Bill Van Auken
A Nuclear Posture Review that the Trump administration plans to roll out after the US President’s State of the Union address later this month will introduce a significant break with past policy in proposing the development of a new class of low-yield, “usable” nuclear weapons, those familiar with the document report.
While a massive $1.3 trillion, 30-year scheme to refurbish all the elements of the US nuclear “triad”—intercontinental ballistic missiles, submarine-launched ballistic missiles and strategic bombers—was introduced under the Obama administration, it had long been stated US policy not to build new types of nuclear warheads.

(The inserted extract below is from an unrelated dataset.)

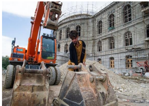
قصر دارالامان حین ترمیمات و اعمار درین سالهای اخیر

در عصر اعلیحضرت محمد ظاهر شاه و صدارت سردار محمد داوود، از قصر دارالامان برای وزارت های فواید عامه و وزارت مالیه استفاده به عمل آمد، که بعد تر وزارت مالیه به تعمیر جدیدی نقل نمود ولی قبل از آن در سال ۱۳۴۷ - ۱۹۶۸ حریق بزرگی در قصر صورت گرفت که خسارات بسیاری بار آورد، چنانچه سیستم آبرسانی، مرکز گرمی، تشکیلات برق و تزئینات هنرمندانه و زیبای قصر مخصوصاً در طبقه سوم ویران شده و صدمه زیادی دید.

The former special assistant to the Obama administration on arms control and nonproliferation Jon Wolfsthal has told the media that he has seen what appeared to be a final draft of the review, which calls for the development and deployment of a modified version of the Trident D5 submarine-launched missile.
While the D5 missiles—which each cost approximately $66 million—carry warheads with over 30 times the destructive power of the bomb dropped on Hiroshima in 1945, the new weapons would include only the primary fission section of existing thermonuclear warheads, with a lower explosive yield.
The development of the new tactical nuclear weapons would represent a direct violation of the Intermediate-Range Nuclear Forces (INF) treaty reached between Washington and Moscow in 1987. The Pentagon is justifying the breach of the treaty with the claim that the Russian military is already in violation of the treaty because of its development of a new ground-launched cruise missile.
The Nuclear Posture Review (NPR) would be the first such revision of US policy on the use of the world’s most horrific weapons of mass destruction to be carried out in eight years.
Like the one carried out under Obama, the new review does not rule out a US nuclear first strike. The new NPR, however, also raises the prospect of the US using nuclear weapons in response to nonnuclear attacks.
In this regard, it merely makes explicit the position put forward in the National Security Strategy released last month which called for the preparation for conflict with China and Russia, which it defined as “revisionist powers” seeking to challenge US global hegemony. The document stated, “While nuclear deterrence strategies cannot prevent all conflict, they are essential to prevent nuclear attack, non-nuclear strategic attacks, and large-scale conventional aggression.”
Last September, Rob Soofer, the deputy assistant defense secretary for nuclear and missile defense policy, outlined an even broader range of triggers for a US nuclear attack, stating that the new review was considering how Washington could use nuclear weapons to “deter new non-nuclear attacks that could have strategic effects: catastrophic mass casualties, cyberattacks against US infrastructure, chemical or biological attacks, or attacks against US critical space capabilities.”
Soofer added that the new strategy under consideration envisioned “a broad range of forces of various ranges, various yields, some deployed in the theater, others employed from the United States, which can defeat Russia’s and China’s nuclear strategy.”
The overriding rationale for the development of the new “usable” Trident submarine-based cruise missiles is reportedly the Pentagon’s contention that should the increasingly tense situation created by NATO’s buildup of military forces on Russia’s western border boil over into an armed conflict, Moscow would use low-yield tactical nuclear weapons with the expectation that the US would not respond with an all-out thermonuclear attack. The theory, apparently, is that the new missile would allow the US military to respond in kind.
There has been no evidence produced by anyone that Moscow is committed to a wildly adventurist policy of launching tactical nuclear weapons against US forces based on the assumption that Washington would not unleash its nuclear arsenal in response.
Rather, the turn in US policy is toward developing weapons that would allow Washington to initiate a so-called “limited” nuclear war in pursuit of its global aims. The effect of the use of even a small number of such weapons would be catastrophic and, in all likelihood, would unleash a global nuclear conflagration.
The turn toward preparations for nuclear war with Russia is all the more extraordinary in that it is unfolding in the context of the ongoing investigation by special counsel Robert Mueller into allegations of “collusion” between the Trump campaign and Moscow in the 2016 election along with a virulent campaign by the Democratic Party to indict the Trump White House as too soft on Russia.
The Democratic caucus on the Senate Foreign Relations Committee Tuesday released a minority report describing Russia as a “complex and growing threat” and accusing the Putin government of engaging in a “relentless assault to undermine democracy and the rule of law” in the US and Europe.
It continued by indicting Trump for failing to respond to Russia in the manner his predecessors in the White House had “following attacks like Pearl Harbor and 9/11.” The clear implication is that the Democratic Party is demanding a more aggressive preparation for a military confrontation between the world’s two largest nuclear powers.